* **Requirement**
Exclude the pictures and reproduce the remaining data exactly as written.

* **Data section**
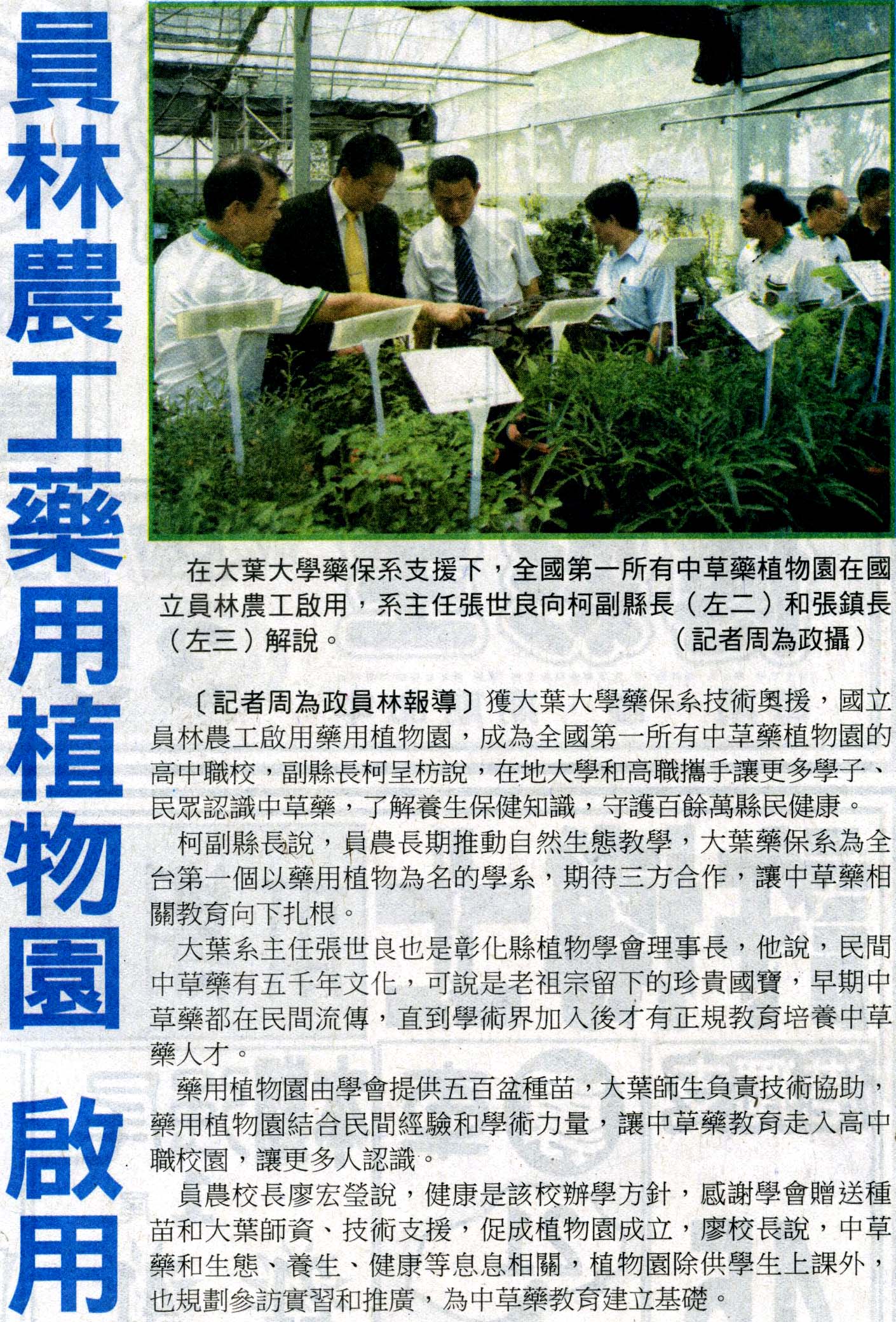 員林農工藥用植物園 啟用
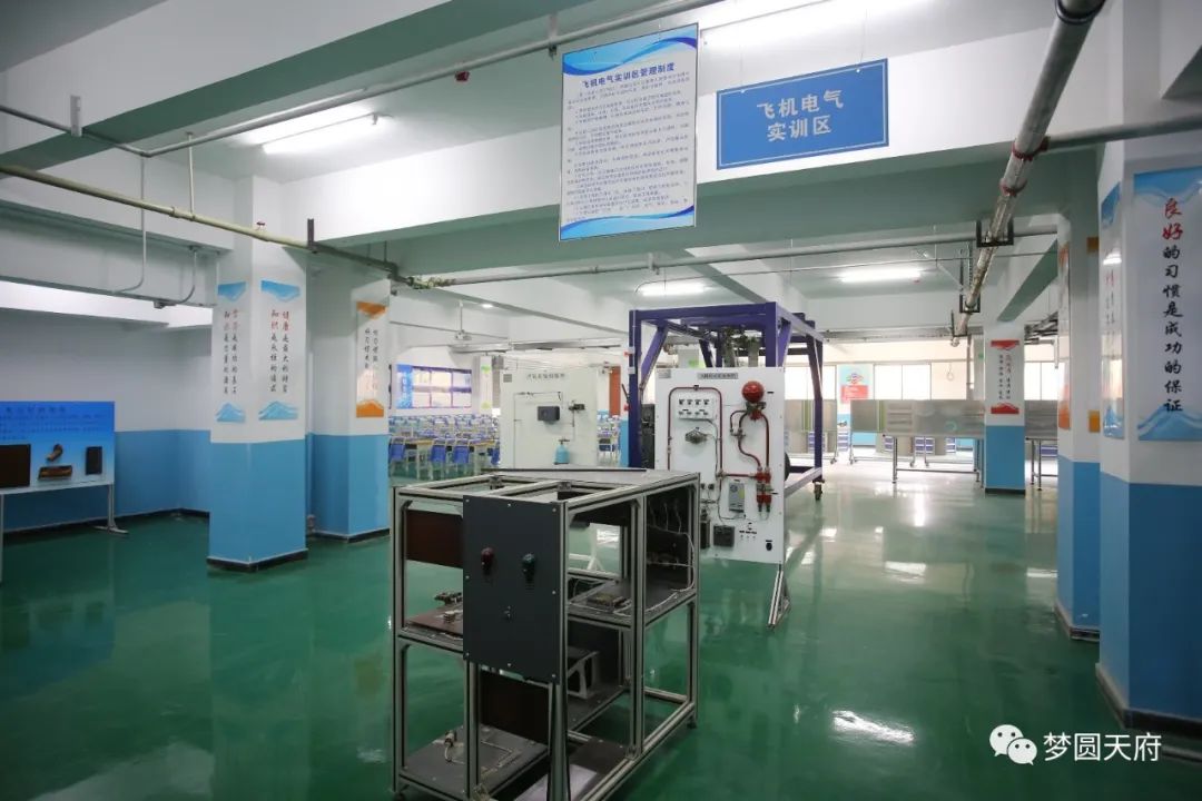 还有一流的无人机应用技术实训室、城市轨道交通运营管理实训室、飞机机电设备维修实训基地、高铁客运乘务实训室“天航复兴号”、计算机机房以及等。
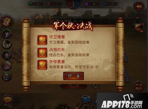 4,【召集令】—>【突进】—>【召集令】—>【包围】:利用召集令大量集结,瞬间形成可以突进的关卡,突进以后在关卡后方城池再次集结,包围关卡。
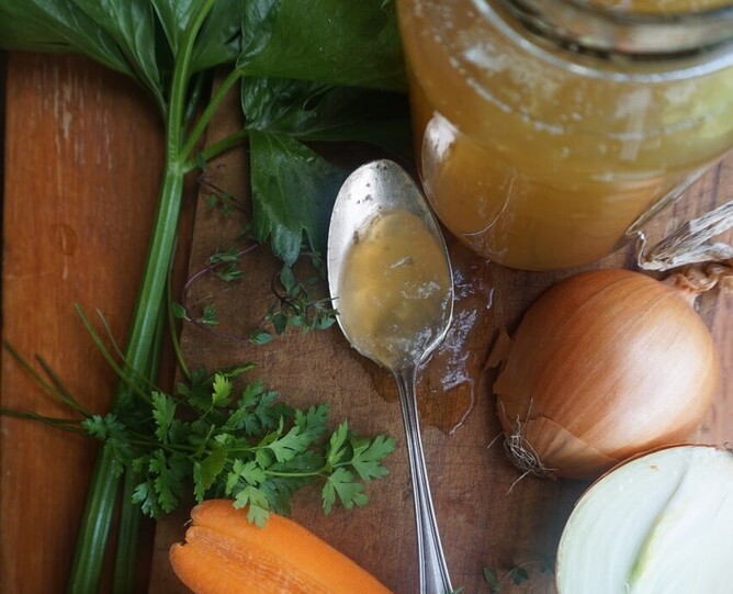 Vegetables add layers of flavour to the stock. Vegetable scraps work just as well as whole vegetables and are a great way to reduce food waste. Simply freeze veggie scraps throughout the week ready to be turned into stock.

* **Answer section**
 員林農工藥用植物園 啟用
 还有一流的无人机应用技术实训室、城市轨道交通运营管理实训室、飞机机电设备维修实训基地、高铁客运乘务实训室“天航复兴号”、计算机机房以及等。
 4,【召集令】—>【突进】—>【召集令】—>【包围】:利用召集令大量集结,瞬间形成可以突进的关卡,突进以后在关卡后方城池再次集结,包围关卡。
 Vegetables add layers of flavour to the stock. Vegetable scraps work just as well as whole vegetables and are a great way to reduce food waste. Simply freeze veggie scraps throughout the week ready to be turned into stock.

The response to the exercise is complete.